NFS client problems
Using the output of nfsstat -c, look for the following symptoms:
- timeout > 5%
- The client's RPC requests are timing out before the server can answer them, or the requests are not reaching the server. Check badxids to determine the cause of the timeouts.
- badxids ~ timeout
- RPC requests that have been retransmitted are being handled by the server, and the client is receiving duplicate replies. Increase the timeo parameter for this NFS mount to alleviate the request retransmission, or tune the server to reduce the average request service time.
- badxids ~ 0
- With a large timeout count, this indicates that the network is dropping parts of NFS requests or replies in between the NFS client and server.
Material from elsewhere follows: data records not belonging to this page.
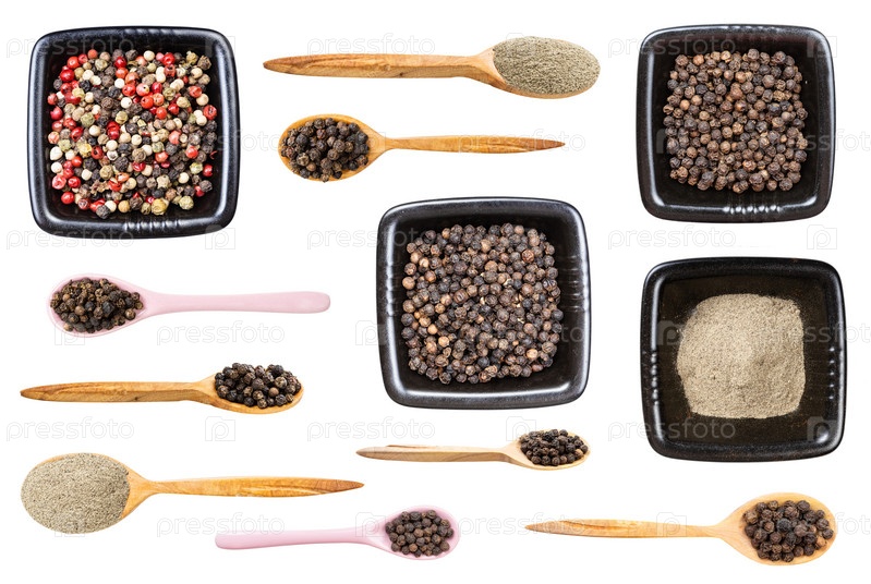 Набор различных черных перцев, изолированных на белом
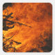 A pile of silhouetted sticks on the left side of the image burn hotly. Mesmerising dark orange and yellow flames fill most of the photograph's frame. Wind pushes the torrent of fire so it angles diagonally up to the right.
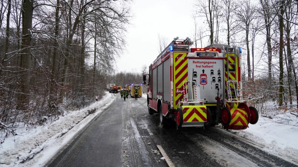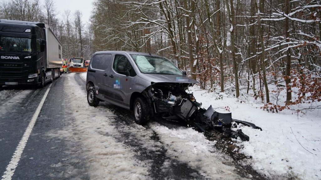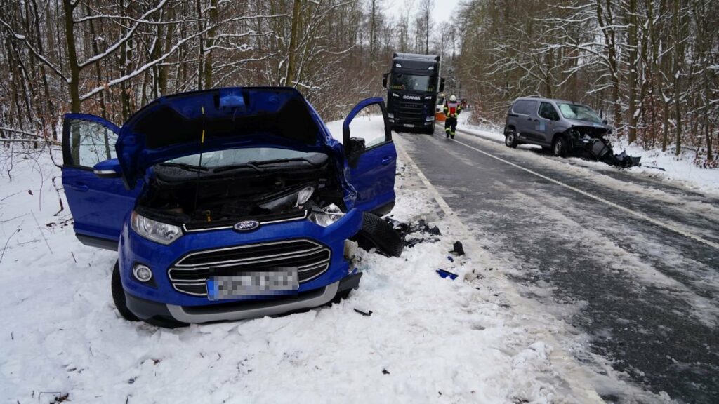 Nach bisherigen Erkenntnissen befuhr ein Sattelzug, hinter dem sich eine Fahrzeugschlange gebildet hatte, die Landstraße von Breuna kommend in Richtung Oberlistingen. Laut übereinstimmenden Zeugenaussagen geriet der Lastwagen aufgrund der winterlichen Straßenverhältnisse ins Schlingern. Eine 26-jährige Fahrerin war zeitgleich mit ihrem Kastenwagen aus Richtung Oberlistingen in Richtung Breuna unterwegs. Als sie den ins Schlingern geratenen Lkw bemerkte, versuchte sie auszuweichen. Dabei geriet sie nach rechts in die Bankette und verlor die Kontrolle über ihr Fahrzeug. In der Folge schleuderte der Kastenwagen in den Gegenverkehr und kollidierte dort mit einem Pkw eines 69-Jährigen, der sich in der Fahrzeugschlange hinter dem Lkw befand.
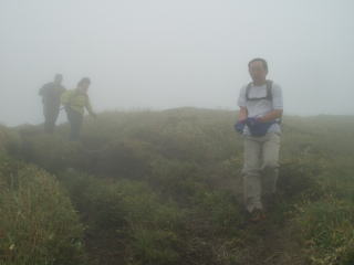 (コースをなぞるように入力していないので) 導いてはくれないことを知った上での逡巡だったと思うが、ともかく己の男気発言?に翻意した夫婦ご一行様は踵を返し、即席の4人パーティとなってガスの山頂を目指すこととなったのだ。ボクの「旅は道連れ、世は情け」的な発想は「まぁ、初夏の九重ではないか、ガスの中でも何とかなるじゃろ」との安易な思惑に基づくものだったが、実は北峰に辿り着いたものの、ガスに巻かれてひととき迷った。「何とかならなかった」のである。 と言うのも未踏ゆえの悲しさか、お鉢巡りのイメージが湧かない。頼みのGPSによると、大鍋の縁をどんどん下っているようだが、主峰からはだんだん離れて行くのだ。どうもお鉢を左回りへと取ったらしく、主峰へは遠回りのルートを踏んでいるとの結論に達した。であれば潔く引き返し、北峰手前から右へのルートを取ったが、この間10分以上濃霧、烈風の中、うごめいたことになって内心少々焦ったことも吐露しておこう。 ![]() 視界不良の中、見知らぬ夫婦を先導して責任重大だ(本峯山頂付近) さて仕切り直しのお鉢めがけて急降下すると、なるほど大鍋の底とおぼしき窪地に降り立ち、今度は一気に標高差120mほどを直登。難儀の末、無事主峰(1745m)へ踊り出たが、人心地はついたものの濃いガスと強風に長居は無用であった。しかしまったくこの三俣山山頂部一帯は道標もなく、草原の似たような丘がつづくので、ガスに巻かれたら、なかなか方向取りが難しいことを改めて痛感した次第。 @やみくもに突き進まないこと。特に視界不良時の憶測猛進行動は慎むべし。 Aハイテク機器はあくまでも補助手段と捉えること。先ずは地図とコンパスの基本に立ち返るべきか。 と、まだまだ発展途上のおじさん二人には改心の余地多しであって、そこのところをノーテンキ挾間おじさんはどれだけ理解しとるとやろか? 白昼露天に浸り屈託のない表情を盗み見ると、ちと心もとない気がしないでもないが、こちとら午後の部を控えて忙しいゆえ、先ずは先輩にゲタを預けるのみである。 (コースタイム) パート1 星生倶楽部6:59→長者原7:05→自然観察路への分岐7:17→指山への道標7:28 29→指山7:54 59→岩場8:17→三俣北峰8:33 47→三俣本峰9:00 05→すがもり越9:33 44→長者原10:25→星生倶楽部10:32 (露天風呂入浴&小宴会) 同行者 挾間 Photo by Hasama

Reduce the NFS buffer size using the rsize and wsize mount parameters to increase the probability that NFS buffers will transit the network intact.
- badcalls > 0
- RPC calls on soft-mounted filesystems are timing out. If a server has crashed, then badcalls can be expected to increase. But if badcalls grows during "normal" operation then soft-mounted filesystems should use a larger timeo or retrans value to prevent RPC failures. Better yet, mount the filesystem without the soft option.
- cantconn > 1%
- This indicates that the NFS client is having trouble making a TCP connection to the NFS server. Often this is because the NFS server has been or is down. It can also indicate that the connection queue length in the NFS server is too small, or that an attacker is attempting a denial of service attack on the server by clogging the connection queue. If you cannot eliminate connection queue length as a problem, then use the -l parameter to nfsd to increase the queue length.